You can render at three levels of fidelity:

  • Lowest effort: read the Matrix body (the bridge always sets sensible plaintext/HTML) and ignore com.beeper.ai. You get a static final answer with no streaming or tool detail.
  • Medium: read message (a UIMessage) from the anchor (for the live preview) and the final edit (for the consolidated result). Skip the incremental carriers.
  • Full: replay the envelopes from every stream carrier to animate text/reasoning/tool-call deltas in real time.

Anchor → stream → final lifecycle

A single logical assistant message moves through three Matrix events:

Kind Matrix mechanism Purpose
anchor the original posted message placeholder; message = initial preview text
stream events related to the anchor (m.reference) incremental carriers; each holds a batch of sequenced AG-UI envelopes
final an edit of the anchor consolidated result; carries com.beeper.dont_render_edited: true

Stream carriers are published incrementally — only events appended since the last publish are packed, with globally monotonic sequence numbers (Envelope.Seq) and deterministic transaction IDs (ai_stream_<runID>_<seq>) for idempotency. A client that understands AG-UI reconstructs the message by ordering envelopes by Seq; a client that doesn't simply shows the final edit.

The AG-UI event protocol

pkg/ag-ui is a Go port of the AG-UI streaming spec — the vocabulary inside envelopes. An agui.Event is an open map[string]any (forward-compatible: unknown fields survive round-trips), with a type discriminator. The full catalog (events.go):

  • Lifecycle: RUN_STARTED, RUN_FINISHED, RUN_ERROR
  • Text: TEXT_MESSAGE_START / _CONTENT / _END / _CHUNK
  • Reasoning: REASONING_START / _END, REASONING_MESSAGE_START / _CONTENT / _END / _CHUNK, REASONING_ENCRYPTED_VALUE
  • Tools: TOOL_CALL_START / _ARGS / _END / _CHUNK / _RESULT
  • Steps: STEP_STARTED, STEP_FINISHED
  • State: STATE_SNAPSHOT, STATE_DELTA, MESSAGES_SNAPSHOT
  • Activity: ACTIVITY_SNAPSHOT, ACTIVITY_DELTA
  • Escape hatches: RAW, CUSTOM

The protocol is validated (validation.go): exactly one RUN_STARTED; nothing after a terminal RUN_FINISHED/RUN_ERROR; content/end events must follow a matching start; no sequence may be left open at termination; TOOL_CALL_END must not carry a result (use TOOL_CALL_RESULT). Tool-call states are awaiting-inputinput-streaminginput-complete; tool-result states are streaming / complete / error. CUSTOM events named com.beeper.source / com.beeper.document / com.beeper.file / com.beeper.data carry citations, artifacts, and arbitrary data.

pkg/ag-ui/capabilities.go defines AgentCapabilities — the agent self-description handshake (transport, tools, reasoning, multimodal in/out, human-in-the-loop, execution limits) that lets clients negotiate features.

UIMessage: the render model

The message field is a UIMessage (pkg/ai-stream/ui_message.go) — an ordered list of typed parts:

{ "id": "...", "role": "assistant",
  "parts": [
    { "type": "thinking", "content": "...", "state": "done" },
    { "type": "text", "content": "...", "state": "streaming|done" },
    { "type": "tool-call", "toolCallId": "...", "name": "web_search",
      "input": {...}, "output": {...}, "state": "input-complete|approval-requested|..." },
    { "type": "source-url", ... }, { "type": "file", ... },
    { "type": "data-com-beeper-data", ... }
  ] }

Part types: text, thinking (also used for step markers), tool-call, source-url, source-document, file, data-com-beeper-data. Notes for renderers:

  • A text/reasoning block that re-opens after a tool call is split into …-segment-N parts — render them in order, don't merge.
  • On termination, any tool-call part with no output gets a synthetic error output, so you never see a tool stuck "in progress."
  • tool-call states include approval-requested and approval-responded (see below).

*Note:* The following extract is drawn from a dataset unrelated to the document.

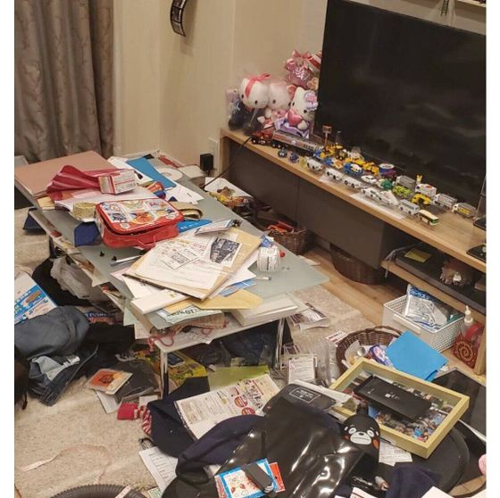 リビングは色々な事をする場所なので、ついついモノをそのまま置きっぱなしにしがちで、散らかります。家族全員がモノを置きっぱなしにすれば、こんな状態に・・・!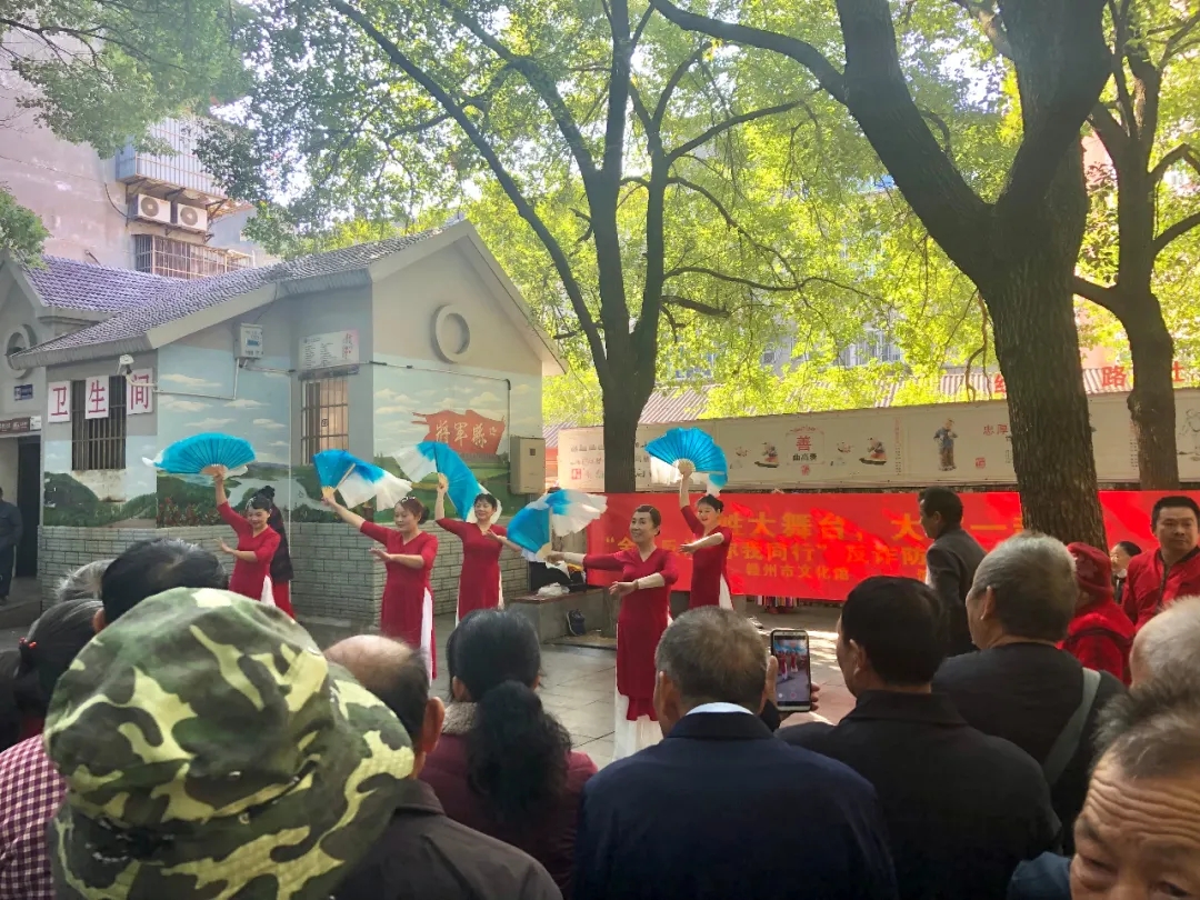 ▲11月20日,新赣南路社区艺术团在郁孤台白马庙舞台举行“‘百姓大舞台,大家一起来’贯彻落实十九届六中全会精神”专题文艺演出。

Final payload & the 64 KiB problem

Matrix caps event content at 64 KiB. A rich UIMessage with full tool inputs/outputs and citations can exceed that. The final field tells you how the bridge handled it (pkg/ai-stream/final_payload.go):

  • delivery: "inline"message.parts is complete and authoritative.
  • delivery: "attachment"message.parts is empty; final.partsRef points to an uploaded JSON blob (application/vnd.beeper.ai.final-parts+json) with a sha256, byteSize, and url/file. Download it, verify the hash, and render its message.
  • textComplete — whether the rendered body text was truncated ([See more on supported clients] is appended when so).
  • partsComplete — whether message.parts is the full set.

A correct client must handle both delivery modes.

Approvals (human-in-the-loop)

Some tool calls require explicit user approval before executing (pkg/ai-stream/approval.go). When that happens:

  • The run interrupts (RUN_FINISHED with outcome: interrupt, reason tool_call), and the relevant tool-call part flips to approval-requested with the proposed input.
  • A dedicated approval message is posted (relation type com.beeper.ai.approval, key under com.beeper.ai.approval, schema com.beeper.ai.approval.v1) listing the choices. Defaults: Allow once (approve), Always allow (always_approve), Deny (deny, danger style).
  • The user responds with /approve <approval-id> <approve|always|deny>. The bridge resolves the choice, emits a TOOL_CALL_RESULT, and resumes the run.
  • Approvals are queued (one active at a time) and time out to a denied result if unanswered.

The response schema (if you drive approvals programmatically rather than via slash commands) is { approved: bool, always?: bool, reason?: string, editedArgs?: {...} }.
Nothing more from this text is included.